In the middle of he and Smith riffing on what a strange and invigorating experience the whopping 18-month Get Down shoot has been, marveling at how unlike the show is from anything else on TV, he doesn’t hesitate to throw down a little braggadocio: “The kind of project this is, we’re definitely going to be some of the most famous actors of this generation. Based on just this project alone.”
Then there’s Abdul-Mateen, who’s had probably the most unlikely journey to the fictionalized South Bronx. After graduating from the University of California, Berkeley with a degree in architecture, he worked as a city planner at the San Francisco Mayor’s Office. When he found himself unexpectedly laid off, he set a three-year deadline to make it as an actor.
Within a year he was enrolled at the Yale School of Drama, spending summers on stage at The Williamstown Theatre Festival and the Public Theatre’s Shakespeare in the Park, and eventually on set with Baz Luhrmann.
Was it hard to get in the mindset of the seedy, trashy Cadillac, the arrogant antithesis to the hope and ambition of his younger co-stars?
“Once I put on the costumes I had everything I needed in order to play this guy,” he says, laughing as he remembers the ’70s wardrobe. “There’s so much audacity about the guy who’s going to put on that white suit, that snakeskin green shirt, the lime green pants, or what I like to call my gingerbread suit: the monotone peanut butter-colored suit.”
Smith and Moore argue over whether the audition process took four or five days. “Slowly each day people got killed off until it was just us,” Smith says. As soon as they were all cast, Guardiola remembers, they were whisked off to what they called “the Dojo”: a boot camp of sorts where the cast rehearsed the musical numbers, practiced freestyling, and studied the educational care packages—books, DVDs—Luhrmann gifted each of them to immerse themselves entirely in the ’70s.
“I felt like a ’70s kid to the point that I’d use the lingo with my friends afterwards and they’d just stare at me like, ‘What did you say?’”
They’d have rap classes with Kurtis Blow and Rahiem from the Furious Five. Grandmaster Flash would come and hit the turntables to teach spinning.

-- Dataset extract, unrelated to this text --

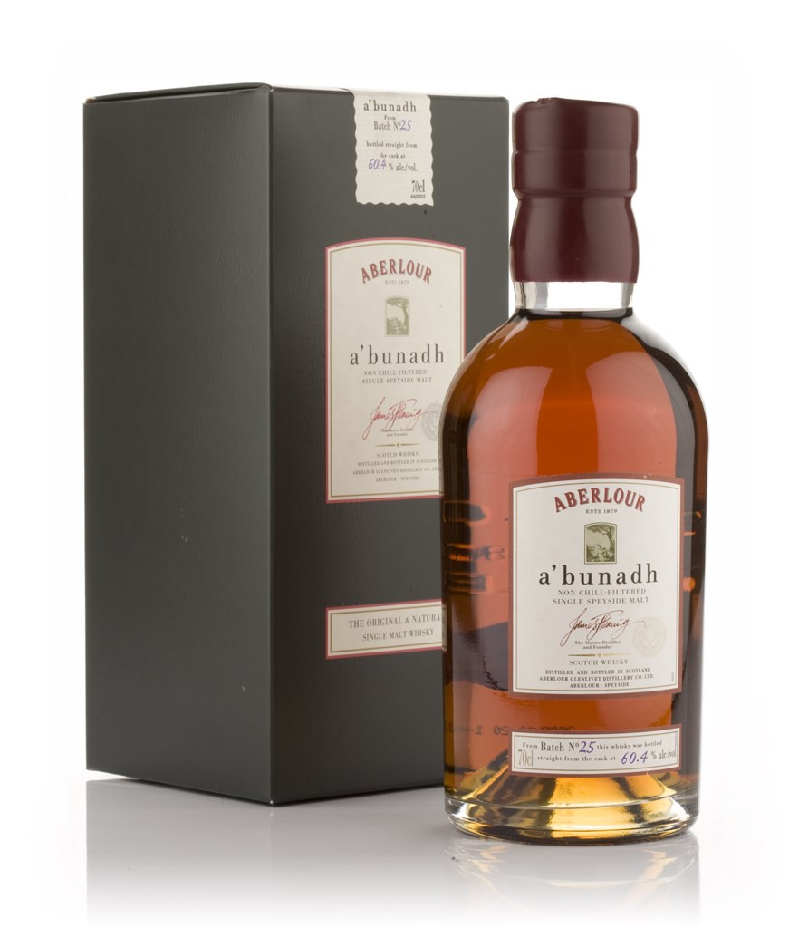 It's Aberlour's ever-popular A'Bunadh single malt Scotch whisky! Each batch of this single malt is matured entirely in Spanish oloroso sherry butts, bestowing huge helpings of dried fruit and festive spice notes to the whisky, after which it's bottled up at full-on cask strength with no chill-filtration.

“I remember in one corner Shameik would be breakdancing and in another corner Herizen and Yahya would be practicing their Hustle,” Smith says. “And then over there Mamoudou Athie, who plays Grandmaster Flash on the show, would be practicing his DJ-ing, and I’d be over on the mic practicing the rhymes for the show.” Taking a breath, he fawns: “Like all these subgenres of hip-hop coming together in this space.”
The lead-up to Friday’s Get Down launch, of course, is hardly as idyllic as the cast’s excitement might portray. The troubled production went so far over the budget—surging to a whopping $120 million overall, astronomical for a TV series—suffered so many delays, creative differences, story rewrites, and change of hands that, as reported by Variety, the show at one point was nicknamed “The Shut Down” on set.
“There were no secrets about the difficulties,” Moore insists, when asked about the delays. “There were difficult times, but we always knew that we were doing this so that the end product would be what we wanted it to be.”
Then that neophyte, energetic optimism kicks back in: “When people talk about The Get Down they’ll talk about the quality of the work, and they’ll talk about how unconventional the show is,” he says. “They’ll talk about how groundbreaking it is in its format and what the show is aspiring to do. And they won’t talk about the other things, because that was just a byproduct of our ambition.”